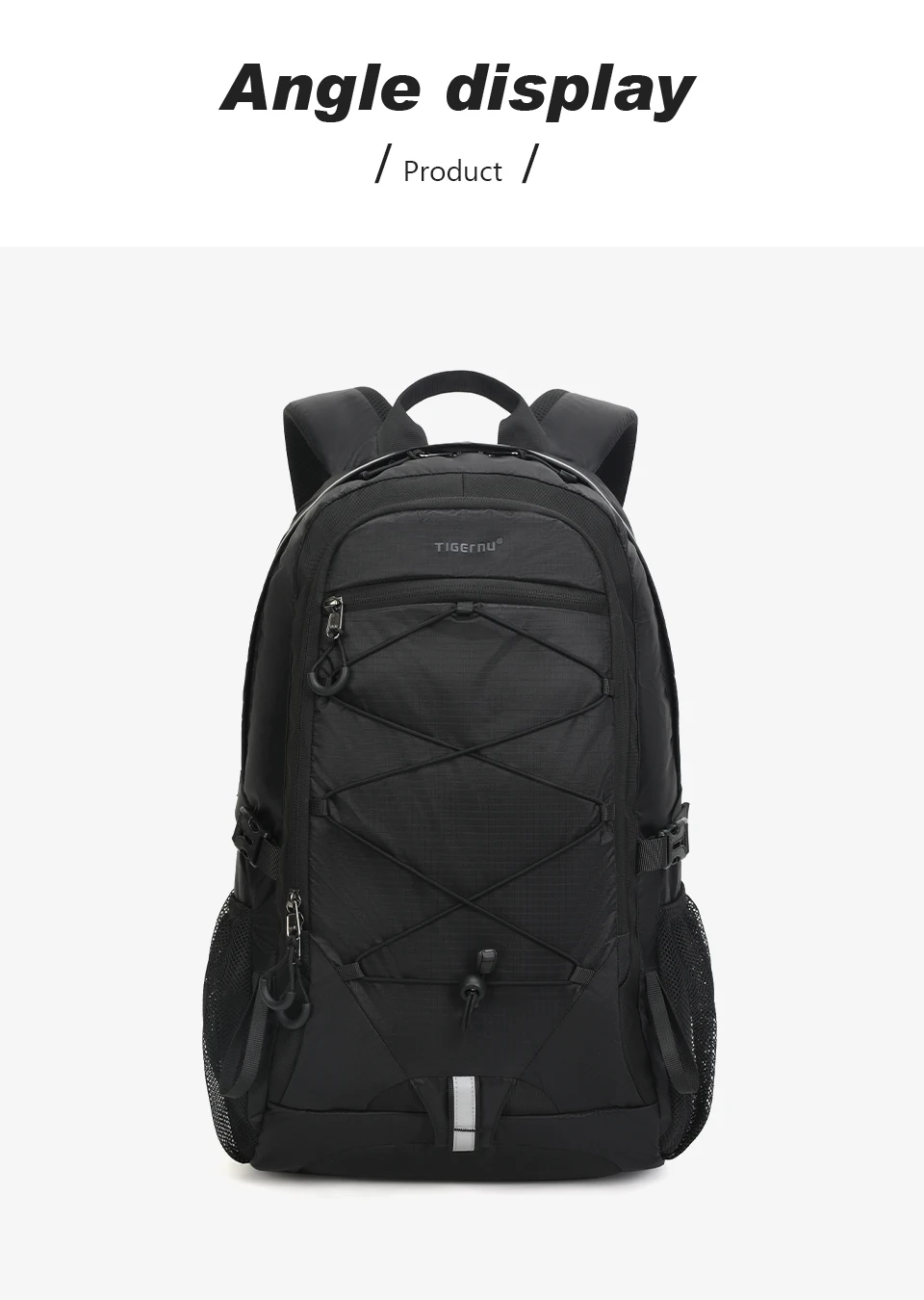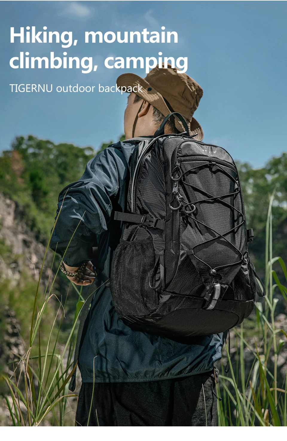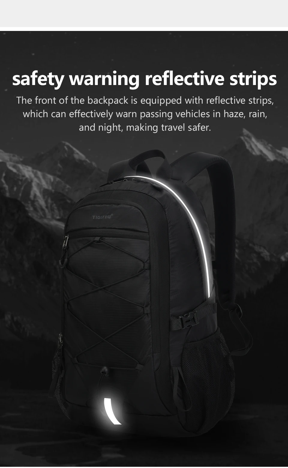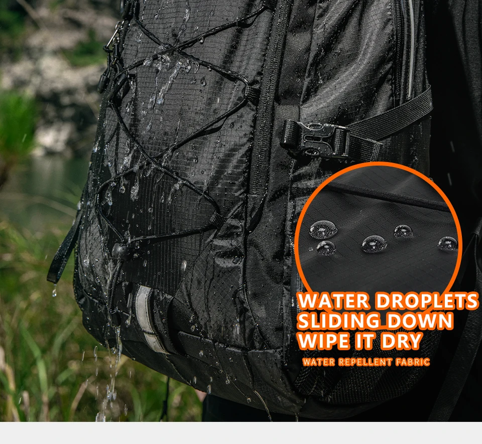 4. Mountaineering bag attributes: lightweight, easy to dry fabric, external hanging rope - easy to carry more things, bottom external hanging loop, and reflective strip - safer for travel.
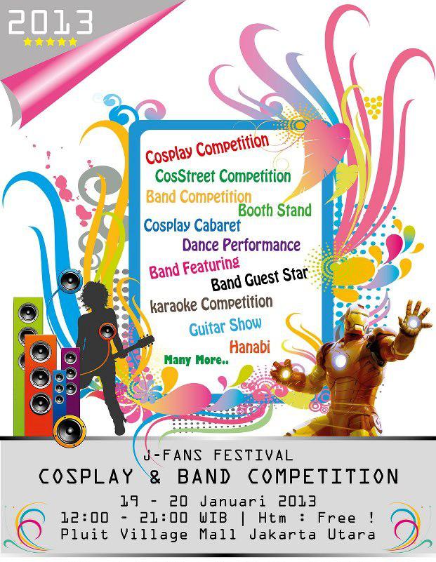 J-Fans Festival“ Cosplay And Band Competition” ini akan diadakan pada tanggal 19 dan 20 Januari 2013 di Pluit Village Mall, Jakarta Utara. Event ini berlangsung dari jam 12.00-21.00 Wib. Dan ada satu hal yang pastinya akan menarik banyak minat pengunjung adalah semua pengunjung yang datang adalah tidak dikenakan biaya masuk alias gratis.
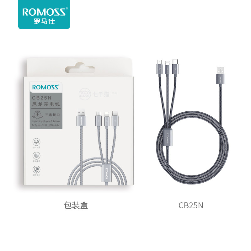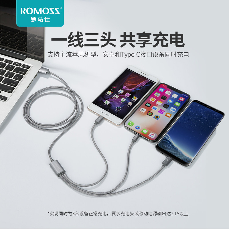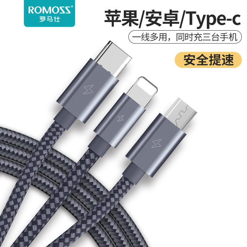 Romans One Cranging Three-In-One Data Зарядка кабеля Type-C Universal Android для Xiaomi Huawei Oppo Apple X

- [Task objective] Omitting all pictures, set the listing down exactly.

- [Solution to the exercise]
 4. Mountaineering bag attributes: lightweight, easy to dry fabric, external hanging rope - easy to carry more things, bottom external hanging loop, and reflective strip - safer for travel.
 J-Fans Festival“ Cosplay And Band Competition” ini akan diadakan pada tanggal 19 dan 20 Januari 2013 di Pluit Village Mall, Jakarta Utara. Event ini berlangsung dari jam 12.00-21.00 Wib. Dan ada satu hal yang pastinya akan menarik banyak minat pengunjung adalah semua pengunjung yang datang adalah tidak dikenakan biaya masuk alias gratis.
 Romans One Cranging Three-In-One Data Зарядка кабеля Type-C Universal Android для Xiaomi Huawei Oppo Apple X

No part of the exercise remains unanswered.